Omnibus Law juga tidak memperhatikan aspek kelestarian lingkungan. Penghapusan Analisis Dampak Lingkungan (AMDAL) pada usaha yang berhubungan langsung dengan lingkungan dapat meningkatkan risiko kerusakan lingkungan.
Kemudian jaminan terhadap upah layak bagi buruh juga diabaikan. Padahal buruh adalah penyangga utama yang menggerakkan sektor industri. Jika buruh tidak sejahtera, berbagai aksi yang justru akan mengganggu stabilitas rantai pasok tidak dapat dihindari.
Dengan disahkannya uji materi terhadap Omnibus Law, saya rasa ada peluang memperbaiki kerangka regulasi tersebut untuk menciptakan ekosistem investasi berkelanjutan.

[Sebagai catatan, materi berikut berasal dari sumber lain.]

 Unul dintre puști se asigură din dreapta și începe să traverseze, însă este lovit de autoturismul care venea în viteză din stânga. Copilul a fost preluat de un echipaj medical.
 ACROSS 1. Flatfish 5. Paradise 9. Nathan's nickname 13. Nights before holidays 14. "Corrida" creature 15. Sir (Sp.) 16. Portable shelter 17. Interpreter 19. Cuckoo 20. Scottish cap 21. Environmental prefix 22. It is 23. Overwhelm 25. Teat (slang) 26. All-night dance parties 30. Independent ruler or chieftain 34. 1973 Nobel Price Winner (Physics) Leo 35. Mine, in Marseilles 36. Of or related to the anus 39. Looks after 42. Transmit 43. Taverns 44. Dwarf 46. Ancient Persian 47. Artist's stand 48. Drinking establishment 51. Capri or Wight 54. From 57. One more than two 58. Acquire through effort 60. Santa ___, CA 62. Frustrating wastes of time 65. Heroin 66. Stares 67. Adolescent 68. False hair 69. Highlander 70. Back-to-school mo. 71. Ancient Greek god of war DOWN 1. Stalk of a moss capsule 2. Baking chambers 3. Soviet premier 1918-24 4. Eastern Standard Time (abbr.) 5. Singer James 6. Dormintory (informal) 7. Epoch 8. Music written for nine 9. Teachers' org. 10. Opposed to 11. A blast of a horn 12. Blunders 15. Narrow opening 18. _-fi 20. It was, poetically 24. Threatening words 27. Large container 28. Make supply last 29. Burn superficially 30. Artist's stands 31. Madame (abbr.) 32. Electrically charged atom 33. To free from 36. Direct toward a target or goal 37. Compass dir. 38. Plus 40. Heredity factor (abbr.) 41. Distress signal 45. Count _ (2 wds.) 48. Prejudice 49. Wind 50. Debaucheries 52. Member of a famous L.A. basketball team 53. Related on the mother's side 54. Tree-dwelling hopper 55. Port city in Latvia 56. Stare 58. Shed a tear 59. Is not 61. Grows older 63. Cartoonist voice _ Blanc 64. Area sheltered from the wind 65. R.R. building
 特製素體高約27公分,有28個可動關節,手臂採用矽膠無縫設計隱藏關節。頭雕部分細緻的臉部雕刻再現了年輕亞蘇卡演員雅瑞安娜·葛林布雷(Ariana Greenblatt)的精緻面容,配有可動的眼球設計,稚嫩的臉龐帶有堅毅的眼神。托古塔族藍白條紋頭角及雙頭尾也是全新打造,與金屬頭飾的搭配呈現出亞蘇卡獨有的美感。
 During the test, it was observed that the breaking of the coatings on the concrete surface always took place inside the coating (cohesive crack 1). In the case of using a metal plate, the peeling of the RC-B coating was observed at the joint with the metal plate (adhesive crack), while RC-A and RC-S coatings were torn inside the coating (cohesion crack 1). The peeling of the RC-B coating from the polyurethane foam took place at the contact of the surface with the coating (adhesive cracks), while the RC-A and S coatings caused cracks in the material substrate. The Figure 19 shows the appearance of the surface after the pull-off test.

Investasi berkelanjutan merupakan bentuk dukungan secara finansial kepada perusahaan yang aktivitas usahanya memperhatikan aspek lingkungan (environment), sosial (social) dan tata kelola (governance) yang baik.

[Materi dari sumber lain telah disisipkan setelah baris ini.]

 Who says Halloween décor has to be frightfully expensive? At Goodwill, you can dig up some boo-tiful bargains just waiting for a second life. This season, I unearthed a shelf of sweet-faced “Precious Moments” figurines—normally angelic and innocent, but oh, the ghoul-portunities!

Aspek lingkungan meliputi pengelolaan emisi karbon, menjaga keanekaragaman hayati, konservasi energi dan pengelolaan sampah, polusi atau limbah.

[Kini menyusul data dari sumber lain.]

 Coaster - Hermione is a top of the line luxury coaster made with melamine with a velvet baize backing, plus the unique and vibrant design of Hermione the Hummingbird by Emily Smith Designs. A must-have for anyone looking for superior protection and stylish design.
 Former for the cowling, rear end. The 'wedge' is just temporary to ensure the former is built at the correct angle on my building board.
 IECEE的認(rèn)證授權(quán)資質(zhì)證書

Selanjutnya, aspek sosial meliputi aksesibilitas terhadap penyandang disabilitas, kesetaraan gender, upah layak bagi karyawan, dan memperhatikan hak-hak konsumen.
Sementara itu, aspek tata kelola yang baik meliputi independensi dewan direksi dan komisaris, transparansi informasi kepada para stakeholder, akuntabilitas karyawan, bertanggung jawab atas tindakan perusahaan dan memperhatikan hak para stakeholder secara adil.
Aspek – Aspek Investasi Berkelanjutan
Aspek-aspek investasi berkelanjutan tersebut merupakan langkah pemerintah untuk menjamin kepastian usaha serta meminimalisir risiko yang akan terjadi di kemudian hari.
Risiko tersebut dapat berupa kerusakan lingkungan yang tentunya membutuhkan biaya penanganan yang lebih besar, gesekan antara masyarat dengan investor ataupun aksi protes buruh yang menuntut upah layak.
Selain itu, ini juga bentuk dari tanggung jawab untuk mengurangi risiko perubahan iklim. Apalagi pemerintah Indonesia berkomitmen mengurangi emisi karbon sebanyak 29% hingga 41% pada COP26 di Glasgow beberapa bulan lalu.
Hal ini perlu diperhatikan dalam revisi Omnibus Law agar menjadi payung hukum untuk menciptakan iklim investasi yang ramah lingkungan dan saling menguntungkan semua pihak. Investor diuntungkan karena mendapat kepastian usaha, gesekan konflik antara buruh dan perusahaan semakin kecil dan produktivitas akan meningkat.
Pemerintah juga dapat mengurangi angka pengangguran, meningkatkan daya beli, dan perusahaan dapat membayar pajaknya yang menjadi pendapatan pemerintah.
Tidak lupa, para pekerja pun akan mendapat upah yang layak, kesejahteraan meningkat, lingkungan terhindar dari kerusakan. Dan yang terpenting kesehatan masyarakat terjaga dari polusi udara yang berasal dari aktivitas industri.
*Penulis adalah Alumni Fakultas Ekonomi UIN Malang.